Charles Snell

Personal information
- Full name: Charles Snell
- Born: 10 January 1888 Kialla West, Victoria, Australia
- Died: 1 April 1977 (aged 89) Foster, Victoria, Australia

Team information
- Role: Rider
- Rider type: Long-Distance Road Race

Professional team
- 1914: Cycles Gladiator

Major wins
- Barnet Glass Road Race from Bendigo to Melbourne 1911

= Charles Snell =

Australian cyclist

Charles Snell (10 January 1888 – 1 April 1977) was an Australian racing cyclist who was a member of the first team of Australians that was to take part in the 1914 Tour de France.

== Biography ==
Snell's cycling career started in 1909 when he participated as a courier in the Dunlop Relay Despatch Ride from Adelaide to Sydney, racing close to his hometown from Balmattum to Baddaginnie. After taking his career more seriously the next season, he went on to his first success in 1911, winning blue ribbon (fastest time) in the Barnet Glass Road Race from Bendigo to Melbourne.

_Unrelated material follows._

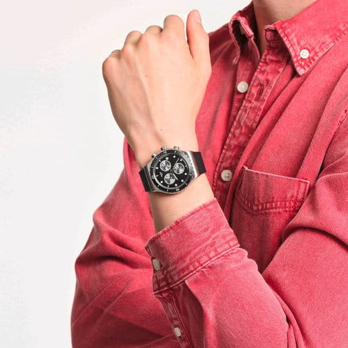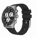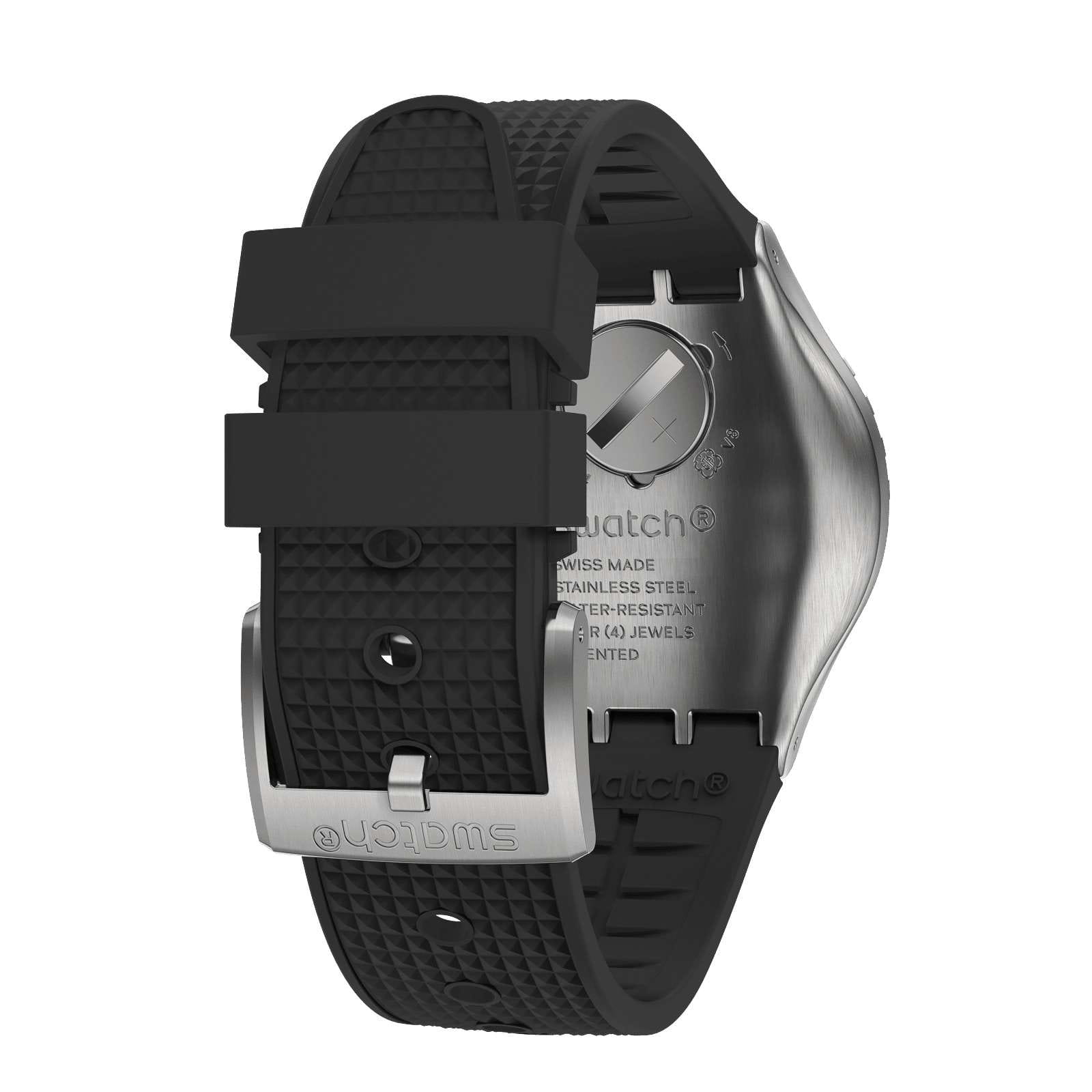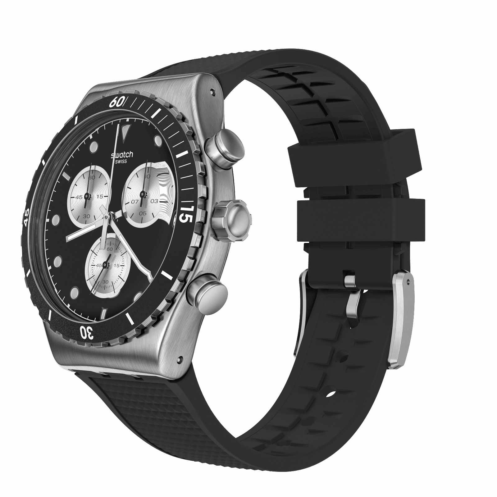 Часы Swatch YVS487 — это стильный и современный аксессуар для тех, кто ценит лёгкость и комфорт. Эта стильная модель часов из нержавеющей стали дополнена черным каучуковым ремешкомс фактурным верхом и матовой застежкой из нержавеющей стали. Но изюминка этих часов — матовый черный циферблат с серебристыми счетчиками хронографаХронографФункция позволяет измерять отрезки времени с особой точностью: часы, минуты, секунды. Верным признаком хронографа является наличие на циферблате 3 дополнительных окошек-счётчиков. и серебристыми индексами, и стрелками с люминесцентным покрытиемЛюминесцентное покрытиеПозволяет считывать показания времени в темноте. Производители наносят на стрелки, часовые индексы, безель или поверхность циферблата светонакопительный состав, дающий холодное свечение.. Завершают образ индикатор даты в положении «3 часа» на циферблате, а также серебристые цифры и индексы на безелеБезельВнешний ободок, закрепляющий стекло. В спортивных часах так называется поворотное кольцо с делениями на циферблате, выполняет роль таймера – замеряет отрезки времени на шкале. Неподвижный безель – элемент декора. Однонаправленно вращающийся безель на дайверских часах позволяет фиксировать моменты погружения и выныривания на поверхность. из нержавеющей стали с черным PVDPVDУльтратонкое покрытие наносится в технике вакуумного напыления, сочетает в себе нитрид титана особой прочности со слоем золота или оксида хрома. Несёт в себе декоративную или защитную функцию. покрытием. Водозащита 30 метров делает часы практичными для повседневного использования. Эти часы подойдут для повседневного ношения и станут ярким акцентом в вашем наряде.

In 1914, Snell, together with Iddo "Snowy" Munro, Don Kirkham, Charlie Piercey and George Bell, became part of the first team of Australian Cyclists to head off for racing in Europe, with the objective to be competing in the Tour de France. Initially, the team rode as professionals for the Paris-based Gladiator Cycles & Clement Tyre team, competing in classic races like Milan–San Remo., Paris–Roubaix, Paris-Bruxelles, Paris-Nancy, and the Tour of Belgium. Eventually, only Munro and Kirkham were selected for participation in the Tour de France

After the Tour de France, Snell returned to Australia; in early August 1914 he left for Melbourne with Don Kirkham and George Bell. He continued to race in Australia until the mid 1920s. His younger brother, John George, was active in road racing as well.